What is male hypogonadism?
Testosterone is the primary male hormone that is produced by the testes and is responsible for the male secondary sex characteristics, such as facial and body hair, pubic hair, muscle mass, and deepening of the voice. Testosterone is also responsible for maintaining normal sexual function (sex drive and erections)and fertility (sperm production). Hypogonadism results when testosterone levels fall below the normal range either due to lack of testicular stimulation by pituitary hormones or due to intrinsic testicular problems.
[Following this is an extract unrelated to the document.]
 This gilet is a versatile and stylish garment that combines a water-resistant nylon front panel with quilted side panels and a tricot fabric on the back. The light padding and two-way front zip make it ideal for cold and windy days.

Hypogonadism becomes more common as you get older.

What are the symptoms of hypogonadism?
• Low sex drive/loss of interest in sex
• Difficulty getting and keeping an erection
• Infertility
• Hot flushes, sweating
• Loss of hair
• Decreased muscle bulk and /or strength
• Fatigue
• Depressed mood

What causes male hypogonadism?
Male hypogonadism can be either primary (problem within the testes) or secondary (resulting from lack of stimulation of the testes due to defective pituitary or hypothalamic function).
Common causes for primary hypogonadism include:
• Genetic conditions such as Klinefelter syndrome
• Testicular infection (mumps] or injury (trauma, castration, radiation, or chemotherapy)
Common causes for secondary hypogonadism include:
• Pituitary or hypothalamic tumors or diseases
• High prolactin levels
• Rare genetic conditions such as IHH/KS (see above)
• Medications such as opiate pain medications
In some cases, the cause could be multi-factorial and can involve both primary and secondary mechanisms.
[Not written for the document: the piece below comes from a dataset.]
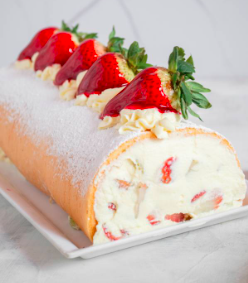 Delicioso postre de brazo de reina con crema y fresas para 12 porciones.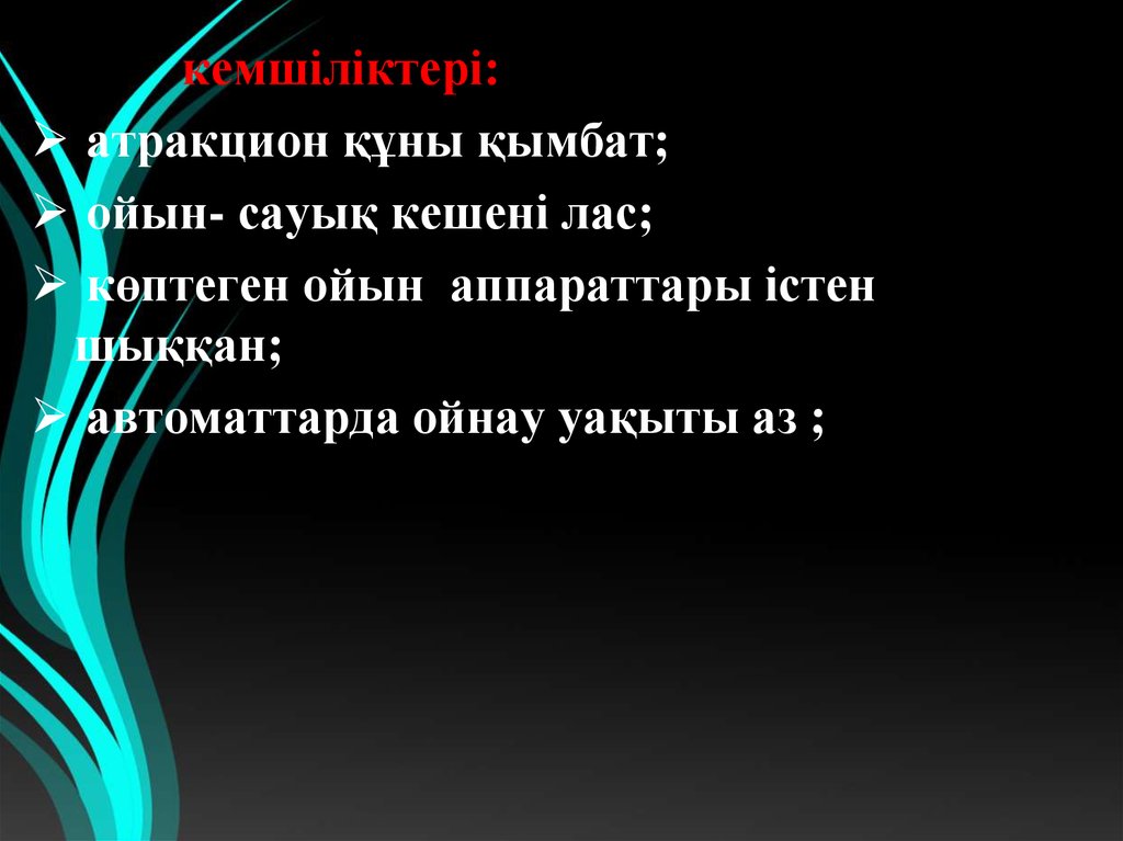 Спорттық атракциондар: футбол,баскетбол,аэро-хоккей, мини-боулинг, спорттық

How is hypogonadism diagnosed?
• Detailed medical history including family history
• General physical exam including an examination of testicles
• Blood tests to check for evidence of low testosterone (levels below reference range for hospital laboratory) and other hormonal abnormalities (e.g. high prolactin, LH, FSH, thyroid hormone levels)
• Additional tests to establish the cause of the hypogonadism (e.g. genetic tests, MRI Brain etc)

How is male hypogonadism treated?
Once hypogonadism is confirmed, your doctor may prescribe testosterone therapy to alleviate your symptoms. Your doctor will discuss the different testosterone options available (gels, patches, and injections) and identify the best method of therapy suited to your needs.. In patients with secondary hypogonadism, infertility can be treated with gonadotropin injections.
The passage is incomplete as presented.